* **PROBLEM DETAILS**: Pictures are to be left out. Copy exactly, and only, the lines from the start of the entries below to the line with "01.04.2026 r. w", both included.

(Records drawn from a dataset)

↓↓↓

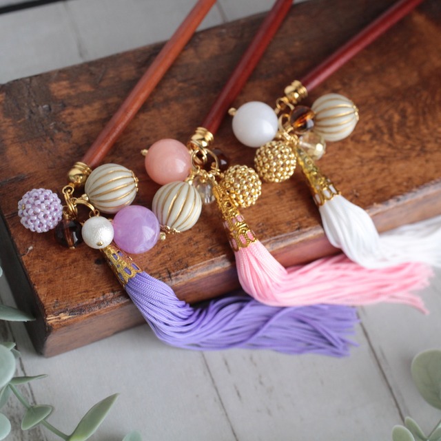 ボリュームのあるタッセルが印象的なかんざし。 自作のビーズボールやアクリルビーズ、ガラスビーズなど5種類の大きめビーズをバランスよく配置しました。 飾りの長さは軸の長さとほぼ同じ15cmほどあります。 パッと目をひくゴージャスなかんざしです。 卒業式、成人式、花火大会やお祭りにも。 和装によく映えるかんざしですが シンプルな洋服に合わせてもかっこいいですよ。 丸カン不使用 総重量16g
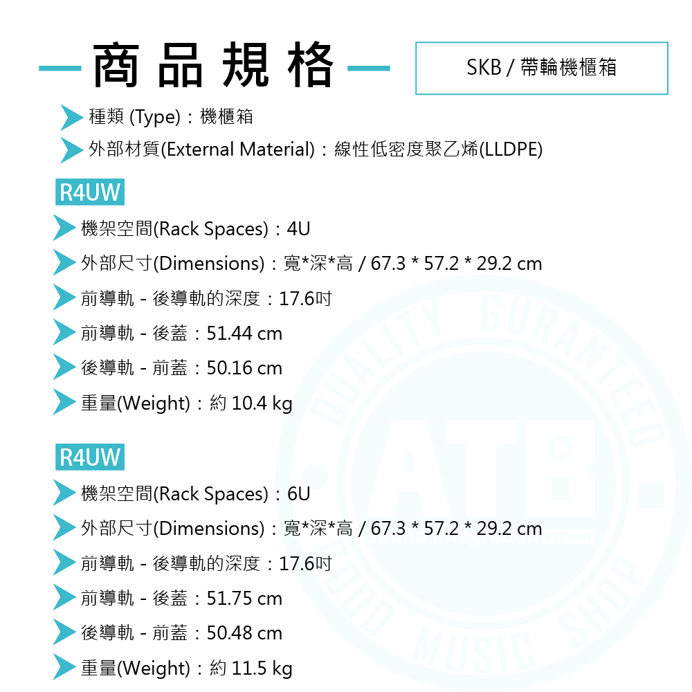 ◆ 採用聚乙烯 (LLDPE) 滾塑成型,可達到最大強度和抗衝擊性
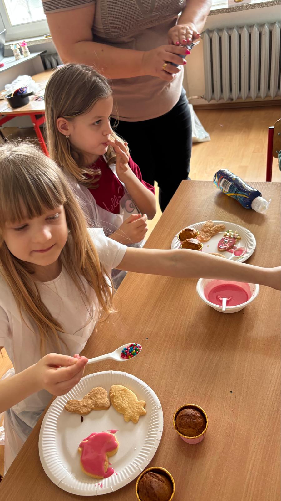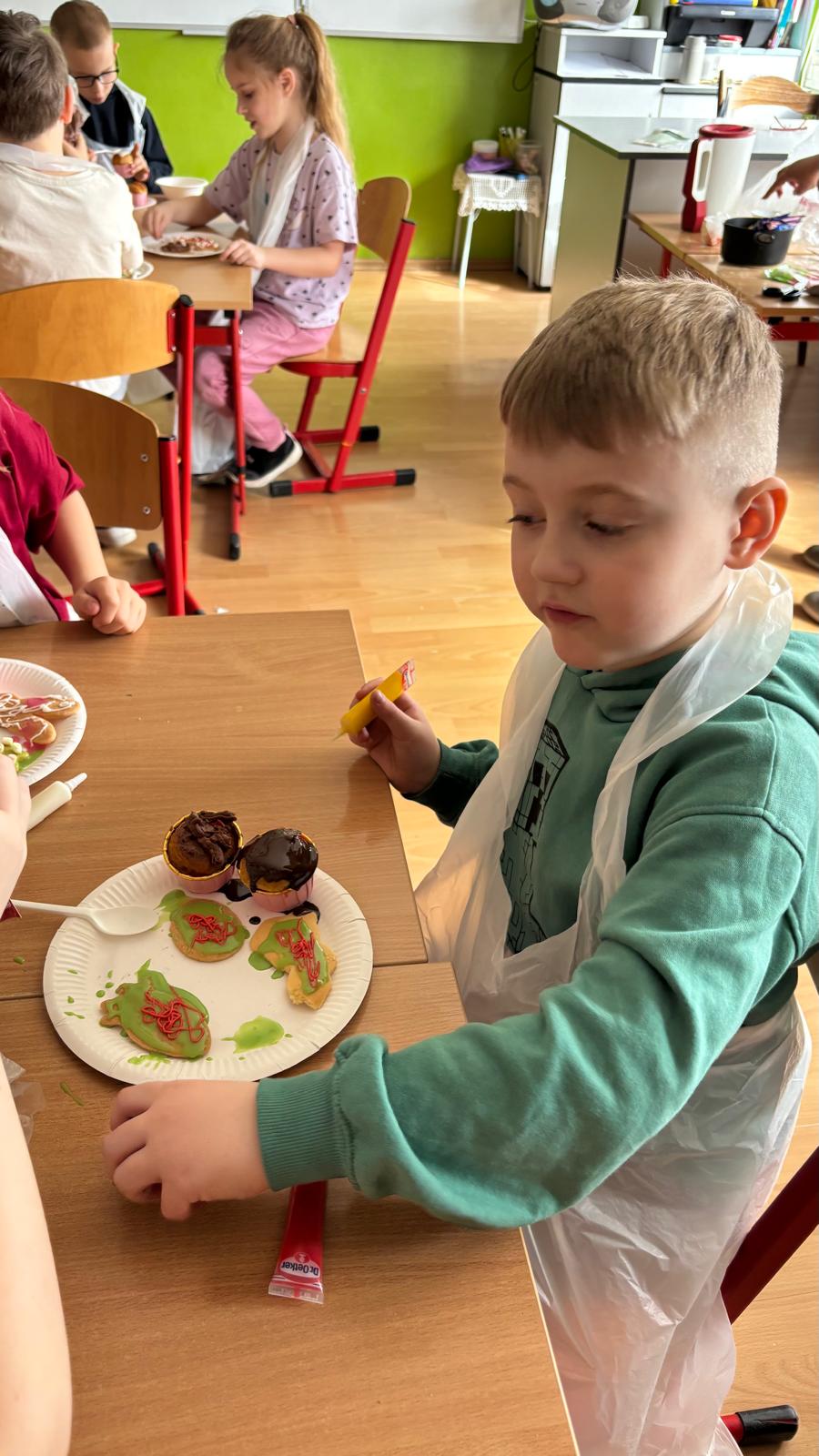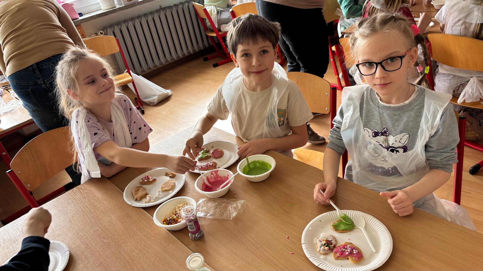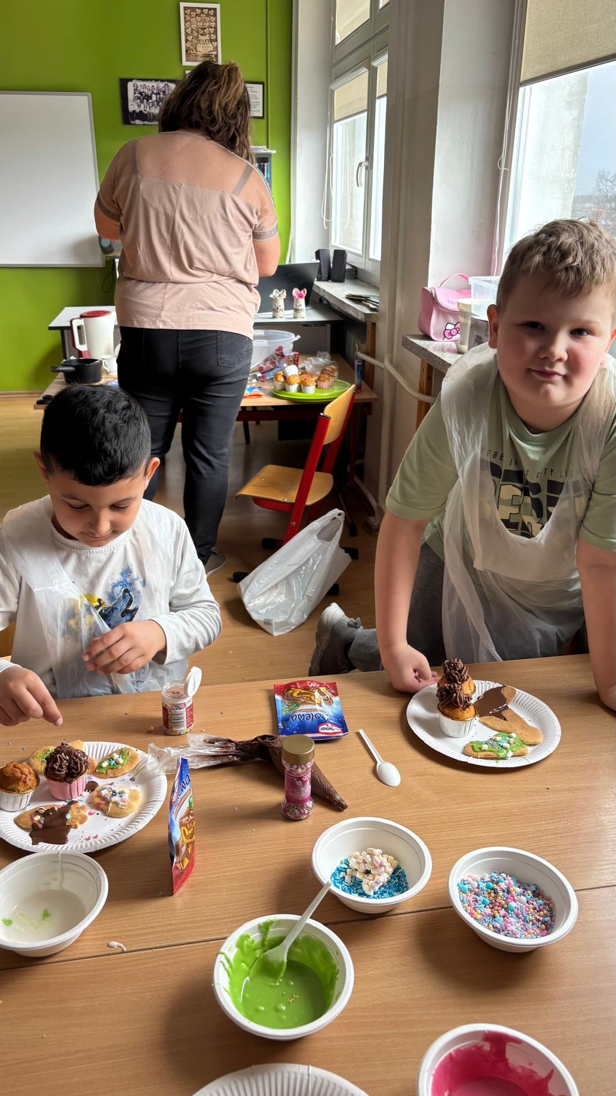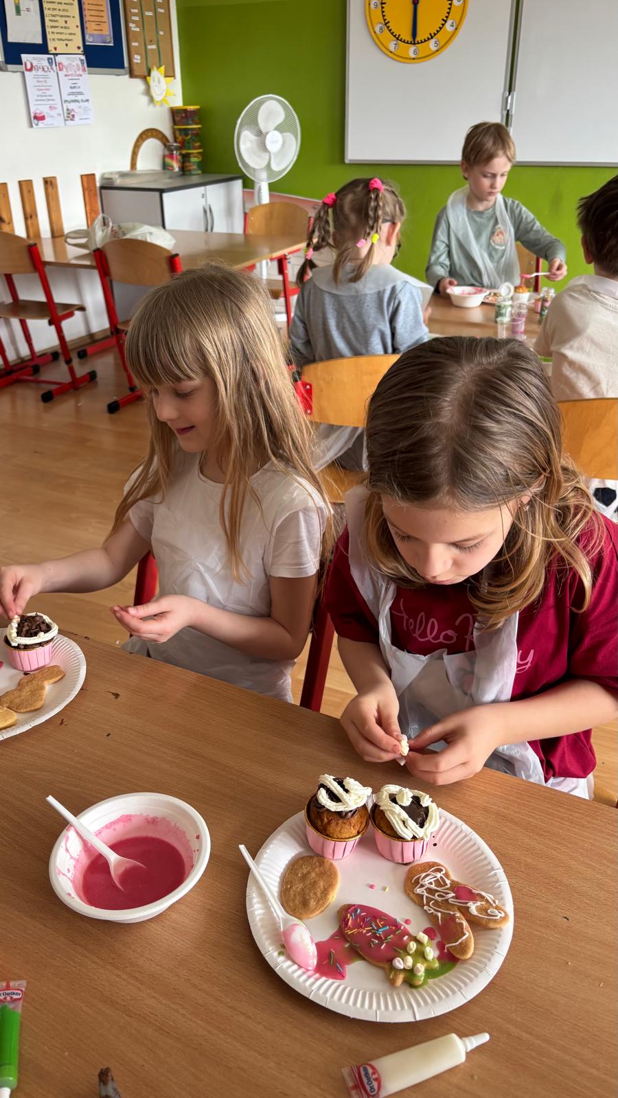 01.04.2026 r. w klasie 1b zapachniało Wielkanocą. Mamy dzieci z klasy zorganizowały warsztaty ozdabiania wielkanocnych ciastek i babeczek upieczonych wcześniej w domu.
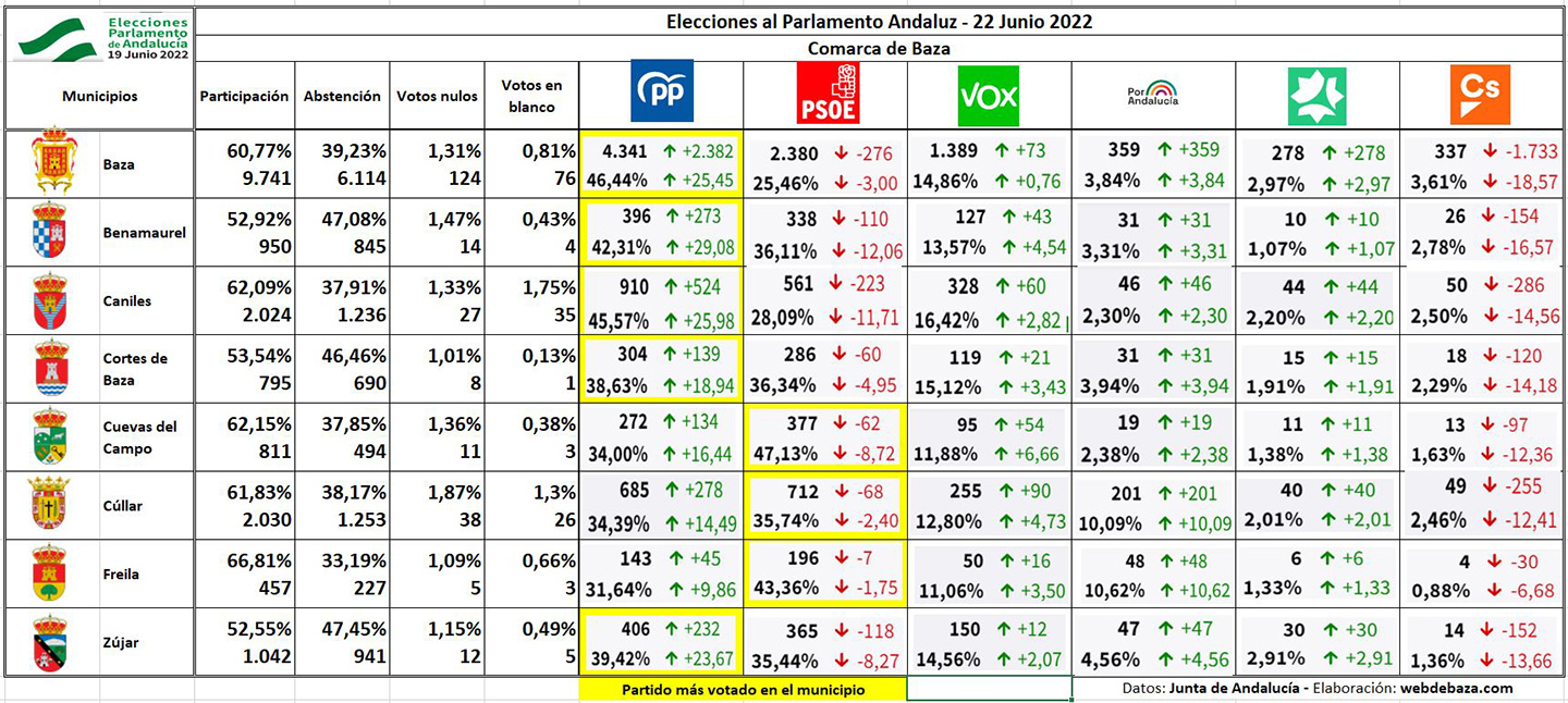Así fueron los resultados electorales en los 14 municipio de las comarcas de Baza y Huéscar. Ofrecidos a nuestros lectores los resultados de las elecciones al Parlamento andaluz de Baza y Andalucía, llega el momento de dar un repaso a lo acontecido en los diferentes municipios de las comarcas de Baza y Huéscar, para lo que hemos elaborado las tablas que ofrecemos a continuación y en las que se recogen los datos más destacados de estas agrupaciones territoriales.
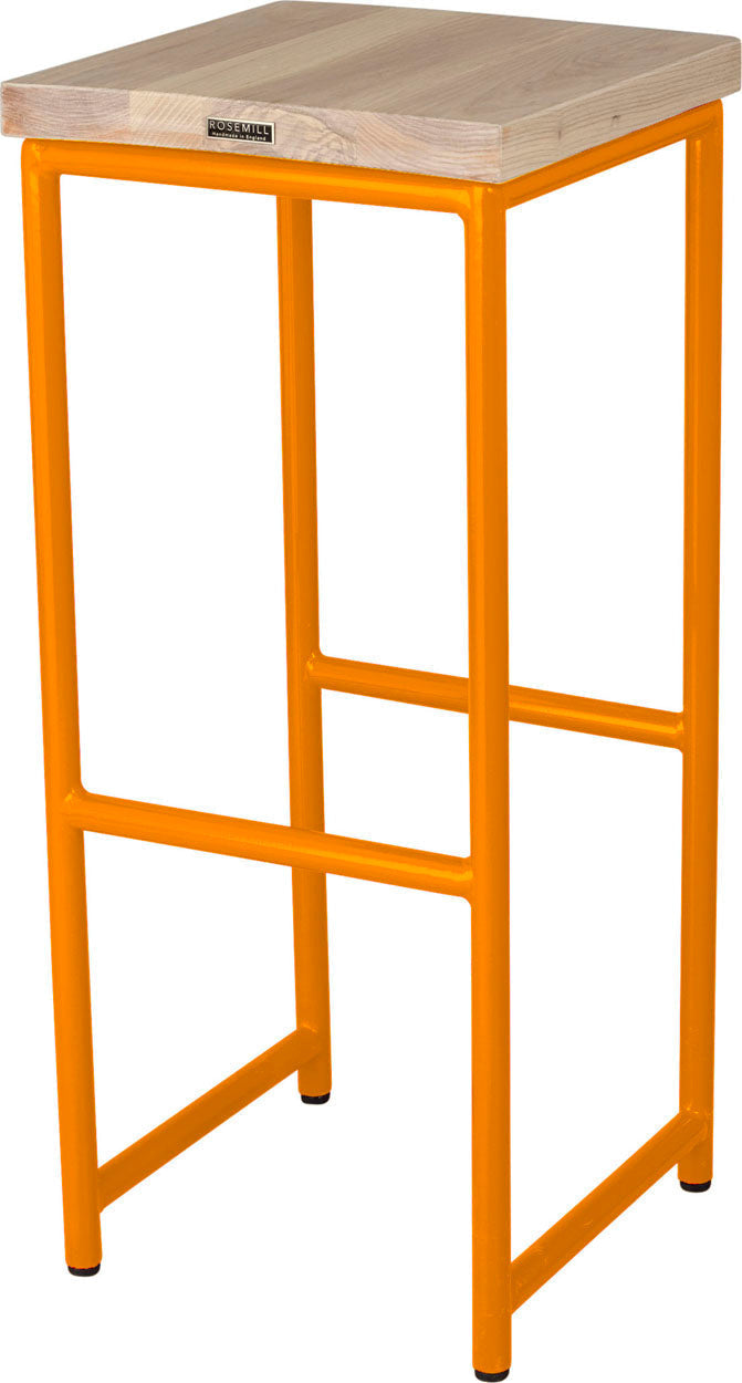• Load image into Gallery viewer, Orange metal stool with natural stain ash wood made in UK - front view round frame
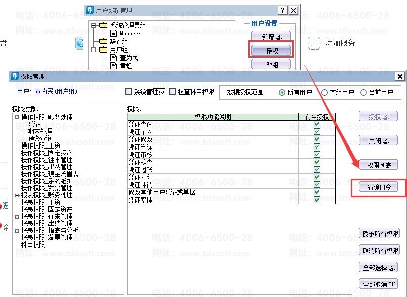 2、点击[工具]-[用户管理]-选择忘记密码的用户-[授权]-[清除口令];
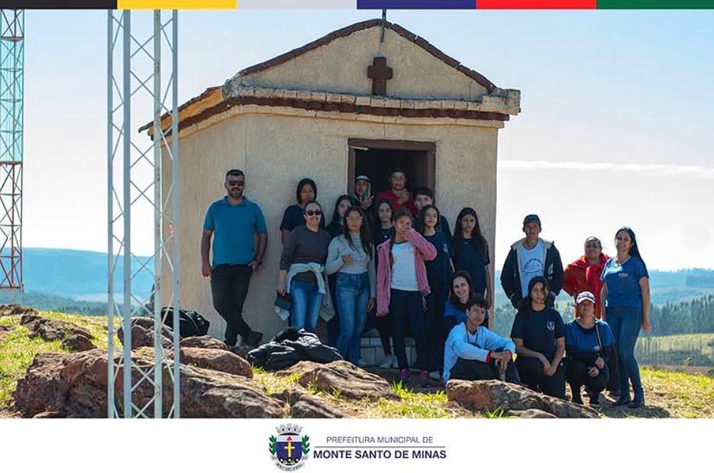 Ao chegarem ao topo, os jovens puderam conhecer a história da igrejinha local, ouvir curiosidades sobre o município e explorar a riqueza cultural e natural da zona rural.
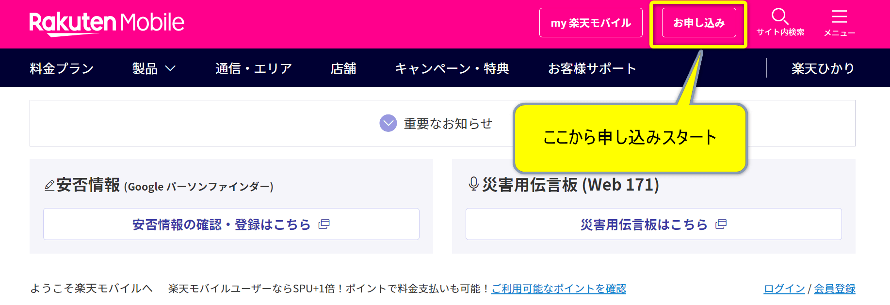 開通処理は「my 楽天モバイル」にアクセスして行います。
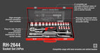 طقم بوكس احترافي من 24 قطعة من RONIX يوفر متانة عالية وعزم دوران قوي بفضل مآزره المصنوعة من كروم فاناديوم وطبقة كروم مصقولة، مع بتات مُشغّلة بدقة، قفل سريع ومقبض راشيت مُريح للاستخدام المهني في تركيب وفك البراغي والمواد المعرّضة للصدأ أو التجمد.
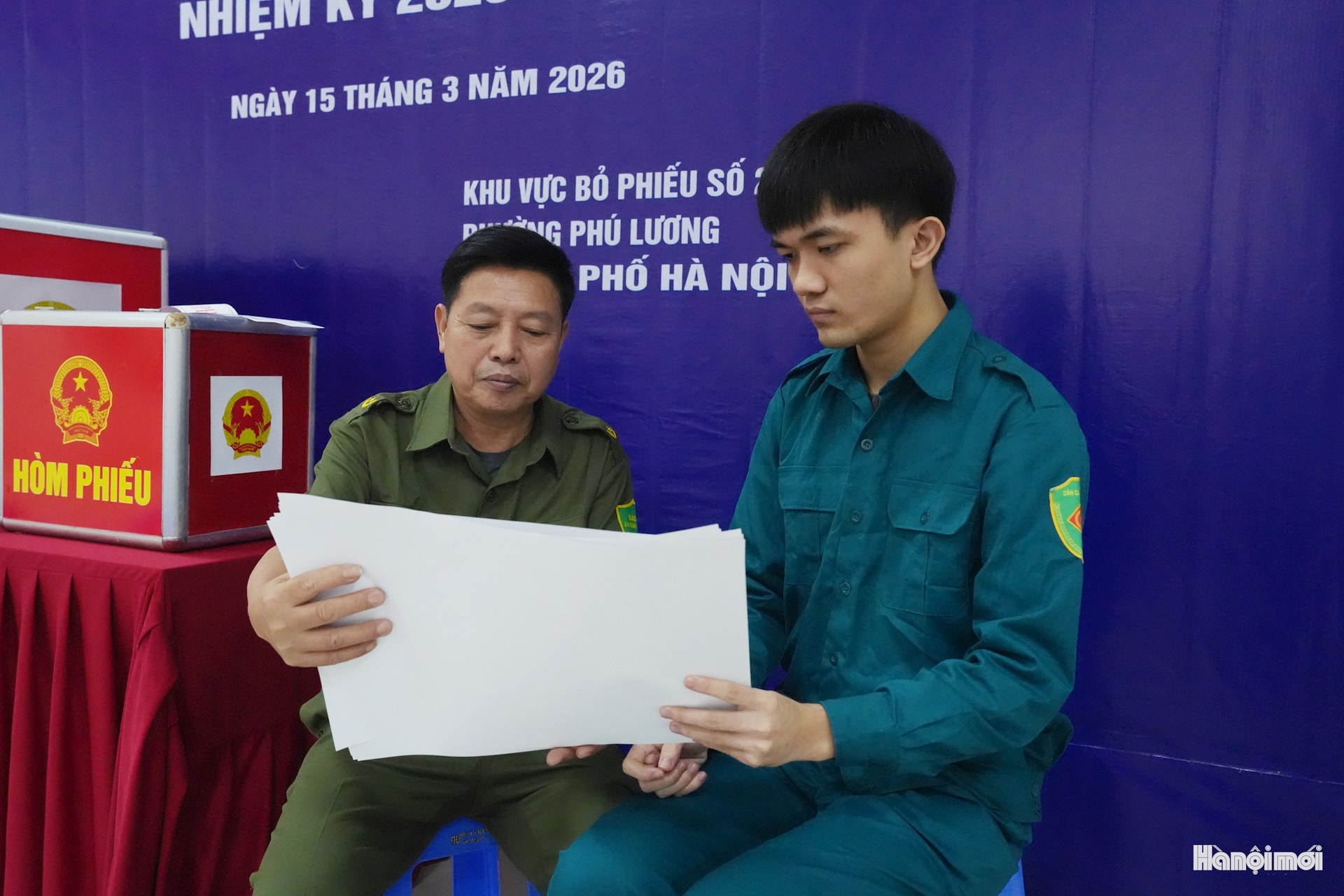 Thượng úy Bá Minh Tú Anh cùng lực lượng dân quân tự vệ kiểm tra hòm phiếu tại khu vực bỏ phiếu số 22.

↑↑↑

* **RESULT BELOW**:
 ボリュームのあるタッセルが印象的なかんざし。 自作のビーズボールやアクリルビーズ、ガラスビーズなど5種類の大きめビーズをバランスよく配置しました。 飾りの長さは軸の長さとほぼ同じ15cmほどあります。 パッと目をひくゴージャスなかんざしです。 卒業式、成人式、花火大会やお祭りにも。 和装によく映えるかんざしですが シンプルな洋服に合わせてもかっこいいですよ。 丸カン不使用 総重量16g
 ◆ 採用聚乙烯 (LLDPE) 滾塑成型,可達到最大強度和抗衝擊性
 01.04.2026 r. w klasie 1b zapachniało Wielkanocą. Mamy dzieci z klasy zorganizowały warsztaty ozdabiania wielkanocnych ciastek i babeczek upieczonych wcześniej w domu.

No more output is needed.